WORK REQUIRED = From the first line of the data through the line containing "A few colorful 3D flower pots", transcribe each line exactly. Pictures do not belong in the copy.

DATA LISTING =
*** Begin section ***

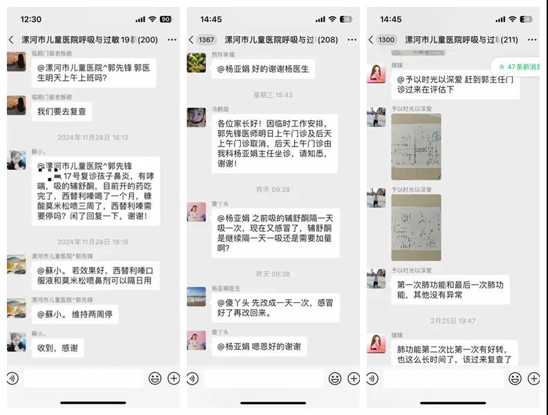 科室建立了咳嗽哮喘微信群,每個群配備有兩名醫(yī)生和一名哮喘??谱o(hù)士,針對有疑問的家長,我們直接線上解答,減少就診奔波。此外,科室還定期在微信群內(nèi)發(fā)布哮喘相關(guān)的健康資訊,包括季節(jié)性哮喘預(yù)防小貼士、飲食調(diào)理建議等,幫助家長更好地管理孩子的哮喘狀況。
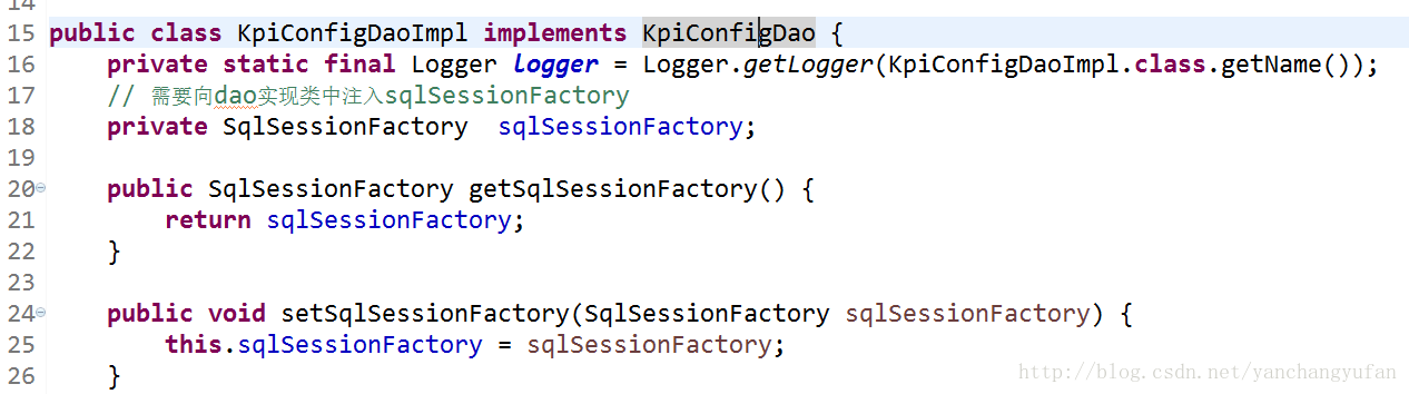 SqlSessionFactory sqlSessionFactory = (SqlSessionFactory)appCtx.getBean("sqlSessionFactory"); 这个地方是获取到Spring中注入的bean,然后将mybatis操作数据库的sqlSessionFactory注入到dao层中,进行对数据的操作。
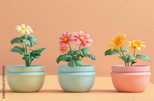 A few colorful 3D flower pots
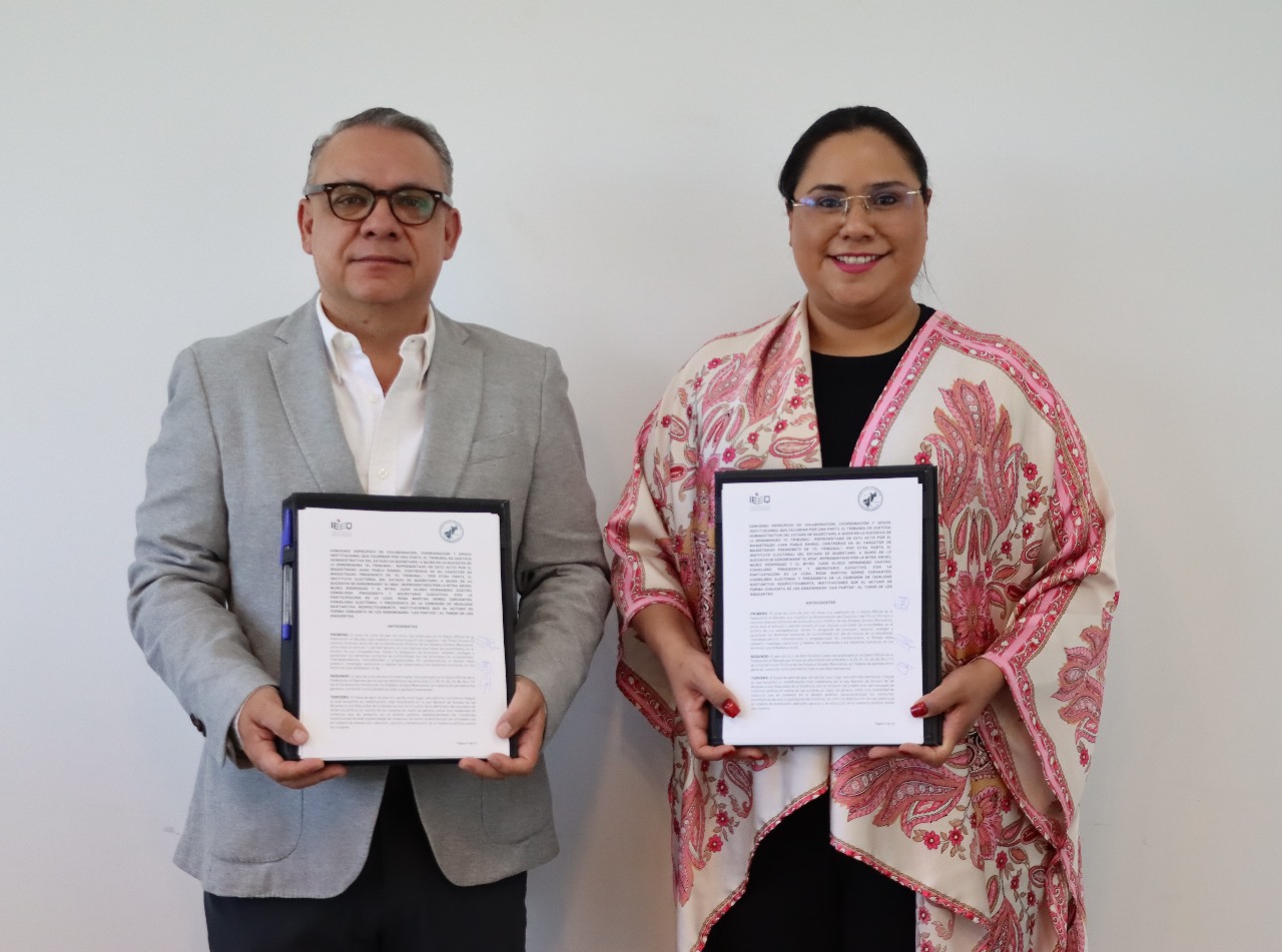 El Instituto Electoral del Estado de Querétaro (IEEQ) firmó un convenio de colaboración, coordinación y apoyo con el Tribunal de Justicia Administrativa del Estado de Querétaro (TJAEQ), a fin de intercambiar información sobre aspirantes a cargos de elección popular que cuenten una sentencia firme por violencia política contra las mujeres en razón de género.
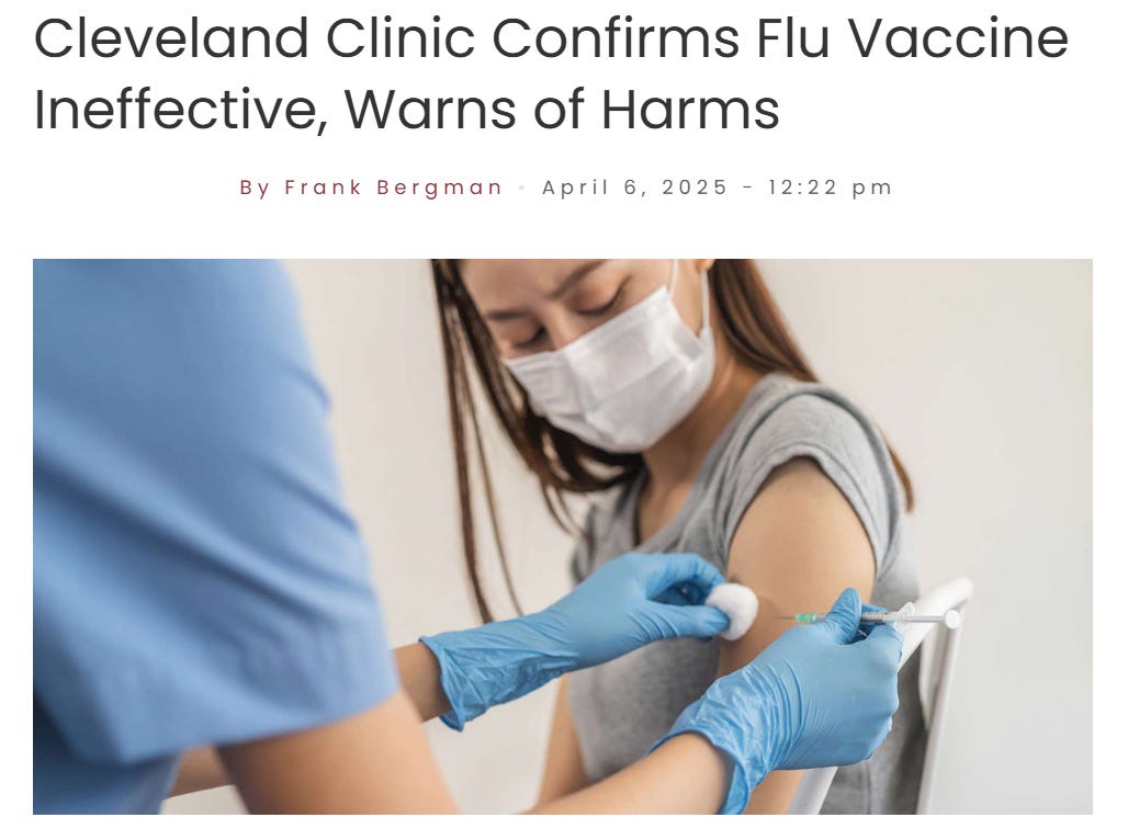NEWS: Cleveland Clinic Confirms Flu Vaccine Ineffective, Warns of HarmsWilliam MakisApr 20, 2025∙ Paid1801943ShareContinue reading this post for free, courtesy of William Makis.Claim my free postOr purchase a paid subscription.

*** End section ***

EXERCISE SOLUTION =
 科室建立了咳嗽哮喘微信群,每個群配備有兩名醫(yī)生和一名哮喘??谱o(hù)士,針對有疑問的家長,我們直接線上解答,減少就診奔波。此外,科室還定期在微信群內(nèi)發(fā)布哮喘相關(guān)的健康資訊,包括季節(jié)性哮喘預(yù)防小貼士、飲食調(diào)理建議等,幫助家長更好地管理孩子的哮喘狀況。
 SqlSessionFactory sqlSessionFactory = (SqlSessionFactory)appCtx.getBean("sqlSessionFactory"); 这个地方是获取到Spring中注入的bean,然后将mybatis操作数据库的sqlSessionFactory注入到dao层中,进行对数据的操作。
 A few colorful 3D flower pots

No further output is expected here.